In the material below, find the line containing "La villa si" and output it and all lines after it exactly, through the last one, without the pictures.

Start of INFORMATION SHOWN

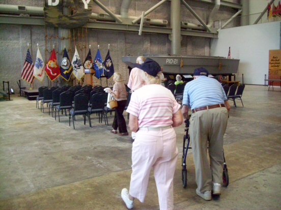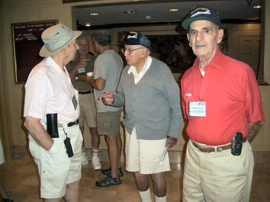 Norm Brug, Mech, P-31; Bernie Greene, Bombardier, P-31; Ted Kalenterindes, FE, P-49; (and in the background David Fisher, Radio Op, P-55) (in green shirt) awaiting the bus to the National WWII Museum
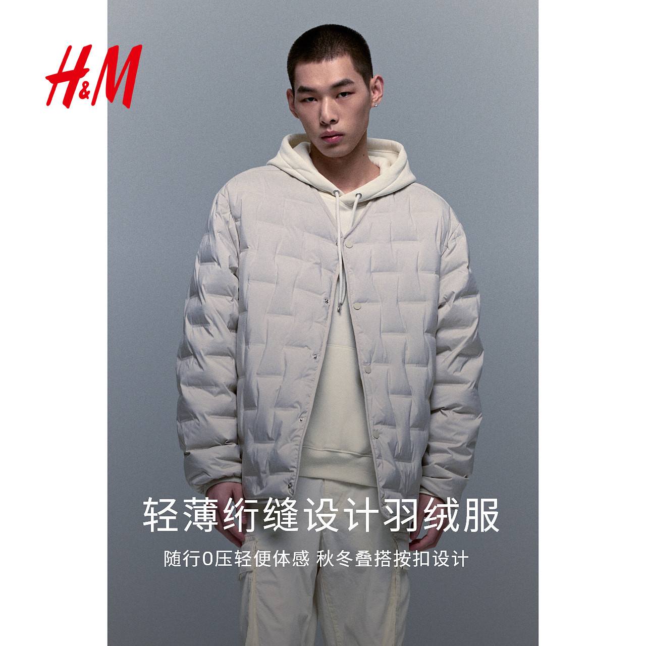 天猫HM男装羽绒服冬季户外运动防风疏水女装轻薄防寒服外套1238584
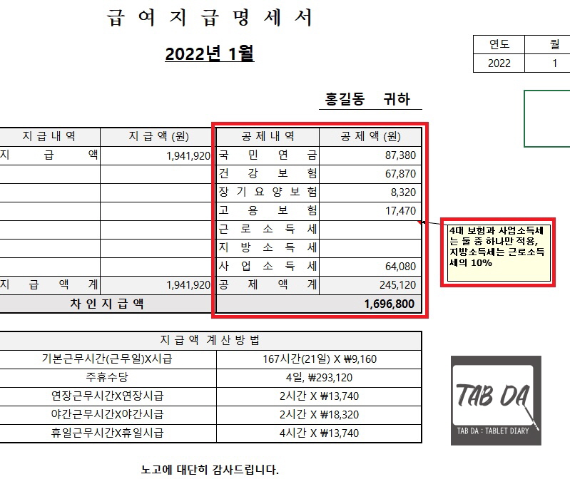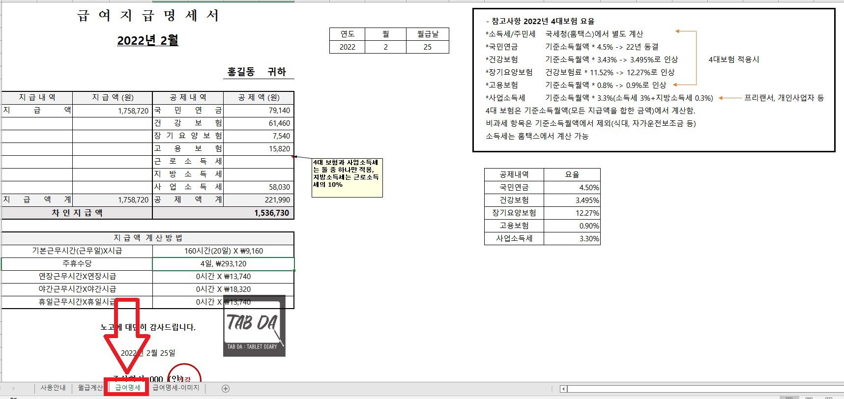 공제내역에 4대보험 이외에도 사업소득세라는 항목을 넣어두었는데요. 근로자가 프리랜서, 개인사업자인 경우 4대보험을 가입하지 않고 사업소득세만 공제하고 지급하는 경우가 있어요. (근로자가 원해서 가입하지 않는 경우도 있긴 하지만, 원칙적으로는 일반 근로자라면 4대보험에 가입해야 함) 이런 경우에는 4대보험 항목을 지우시고 사업소득세 3.3%만 공제하시면 됩니다. 물론 4대보험을 공제하면 사업소득세는 삭제해주시고요.
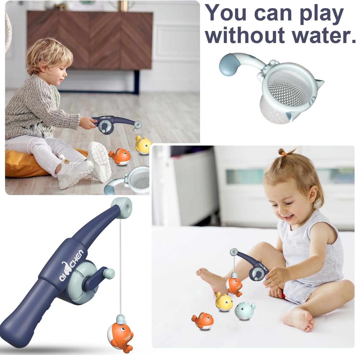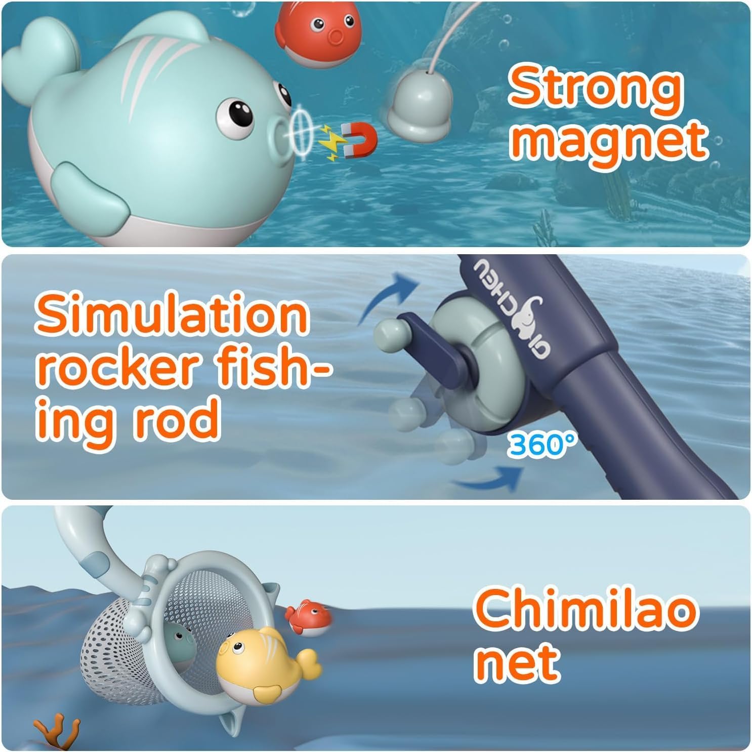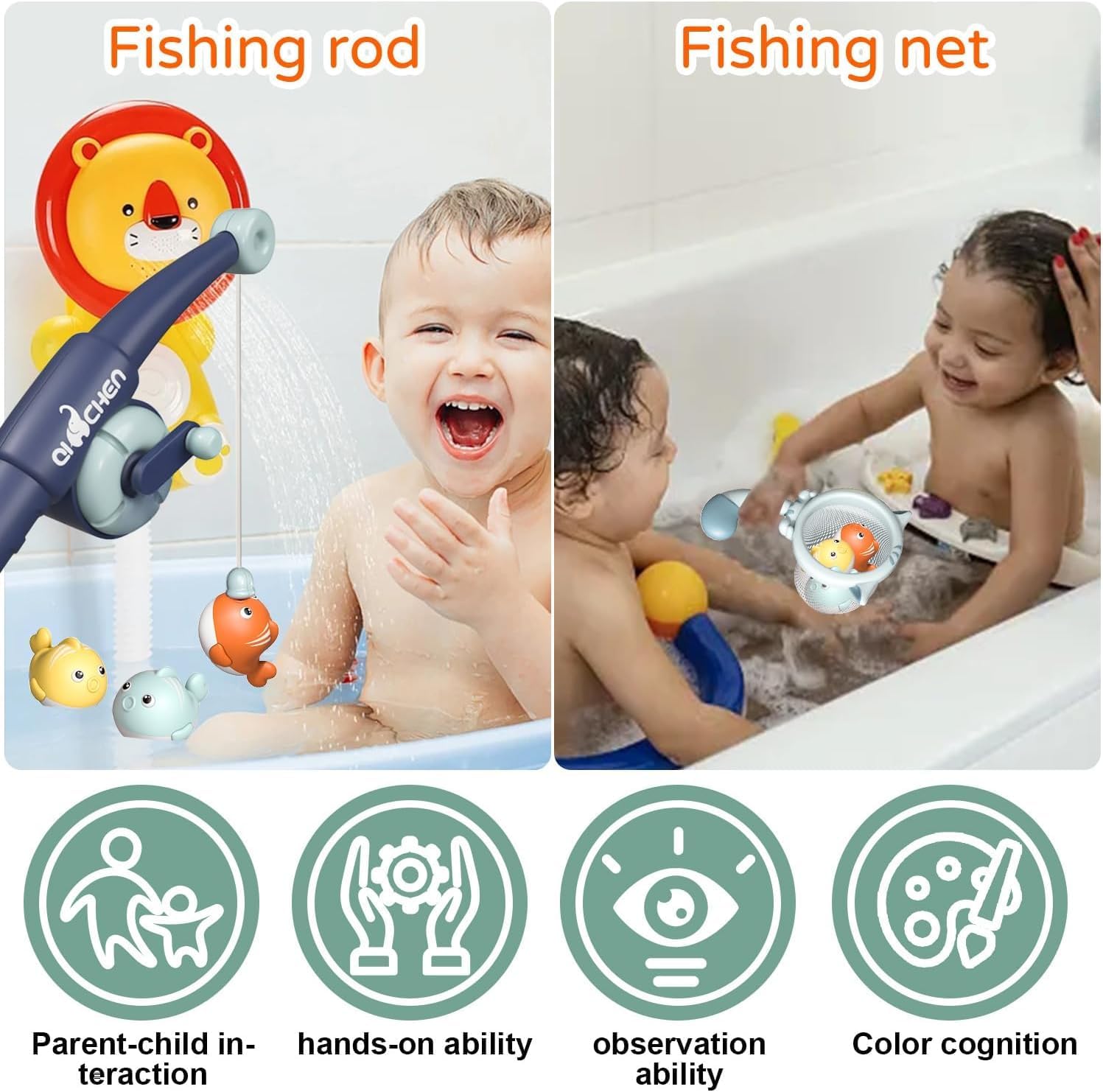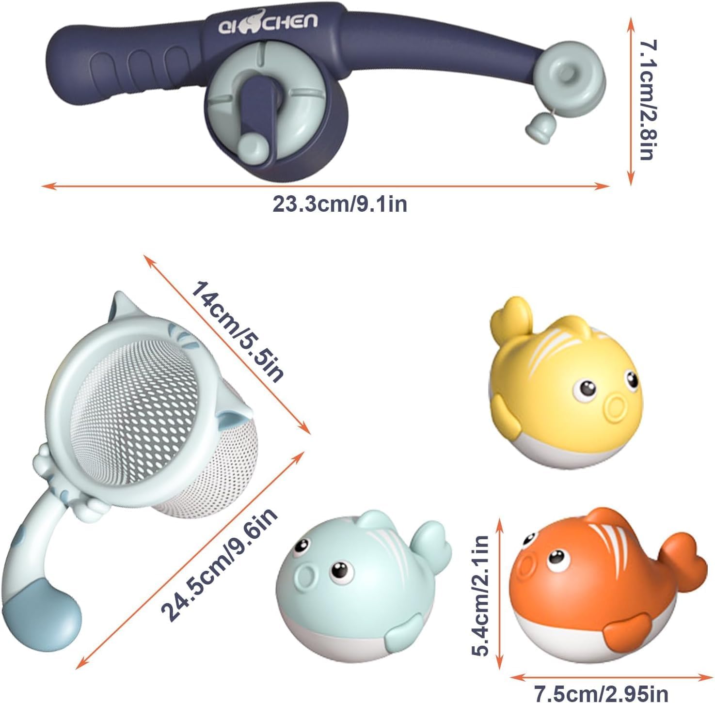 【Magnetic Fishing Games Bath Toys】Bath toy set contains 1*magnetic fishing rod, 3* clownfish and 1*fishing net. Characters float with magnets on top for easy fishing. Children can also fish the cute sea creatures with the fishing net from the bath water.
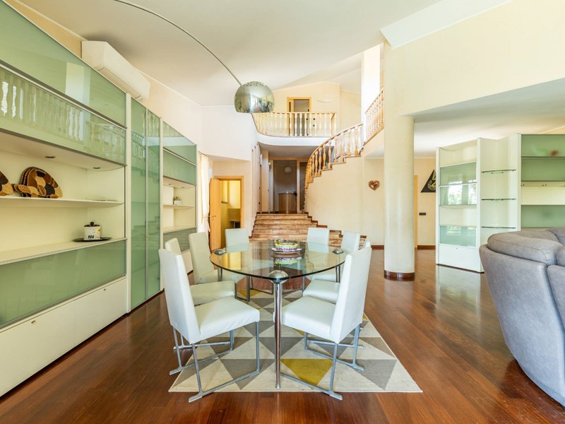 La villa si presenta in condizioni impeccabili, frutto di una manutenzione attenta e continua. Le finiture sono di altissimo livello: pavimenti in parquet pregiato, marmi, infissi di qualità e soluzioni tecnologiche moderne, come i 16 Kw di pannelli fotovoltaici installati sul tetto, che assicurano efficienza energetica e sostenibilità. Ogni dettaglio è stato pensato per offrire unesperienza abitativa esclusiva, in un contesto di lusso e funzionale.
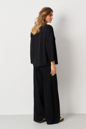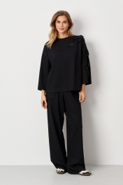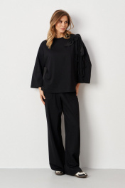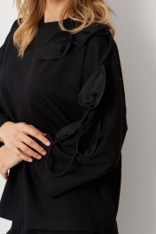 Этот женский джемпер выполнен из мягкого трикотажного полотна с большим добавлением хлопка, что делает его особенно приятным к телу, комфортным в носке и хорошо сохраняющим форму. Модель обладает прямым силуэтом с линией плеча, выполненной в спущенном стиле, что обеспечивает свободную и расслабленную посадку, а также легкость движений. Горловина аккуратно обработана окантовочной тесьмой, что придает изделию завершенный и аккуратный внешний вид, подчеркивая его стильность. Длинные втачные рукава плотно облегают руки, создавая комфорт и аккуратность в посадке. Передняя часть украшена декоративными лепестками, которые начинаются от рукавов и идут вниз, создавая выразительный и оригинальный эффект, привлекающий внимание и добавляющий модели изюминку. Джемпер выполнен в классическом черном оттенке, что делает его универсальным и легким в сочетании с различными предметами гардероба, позволяя создавать как повседневные, так и более элегантные образы. 50 52 54
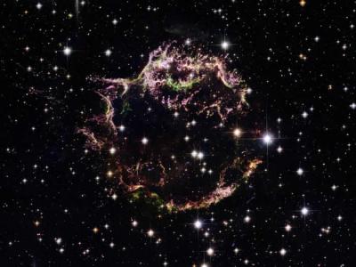 哈伯太空望远镜拍摄的仙后座A超新星残骸细致影像,这个球壳状...

End of INFORMATION SHOWN

• **YOUR SOLUTION**
 La villa si presenta in condizioni impeccabili, frutto di una manutenzione attenta e continua. Le finiture sono di altissimo livello: pavimenti in parquet pregiato, marmi, infissi di qualità e soluzioni tecnologiche moderne, come i 16 Kw di pannelli fotovoltaici installati sul tetto, che assicurano efficienza energetica e sostenibilità. Ogni dettaglio è stato pensato per offrire unesperienza abitativa esclusiva, in un contesto di lusso e funzionale.
 Этот женский джемпер выполнен из мягкого трикотажного полотна с большим добавлением хлопка, что делает его особенно приятным к телу, комфортным в носке и хорошо сохраняющим форму. Модель обладает прямым силуэтом с линией плеча, выполненной в спущенном стиле, что обеспечивает свободную и расслабленную посадку, а также легкость движений. Горловина аккуратно обработана окантовочной тесьмой, что придает изделию завершенный и аккуратный внешний вид, подчеркивая его стильность. Длинные втачные рукава плотно облегают руки, создавая комфорт и аккуратность в посадке. Передняя часть украшена декоративными лепестками, которые начинаются от рукавов и идут вниз, создавая выразительный и оригинальный эффект, привлекающий внимание и добавляющий модели изюминку. Джемпер выполнен в классическом черном оттенке, что делает его универсальным и легким в сочетании с различными предметами гардероба, позволяя создавать как повседневные, так и более элегантные образы. 50 52 54
 哈伯太空望远镜拍摄的仙后座A超新星残骸细致影像,这个球壳状...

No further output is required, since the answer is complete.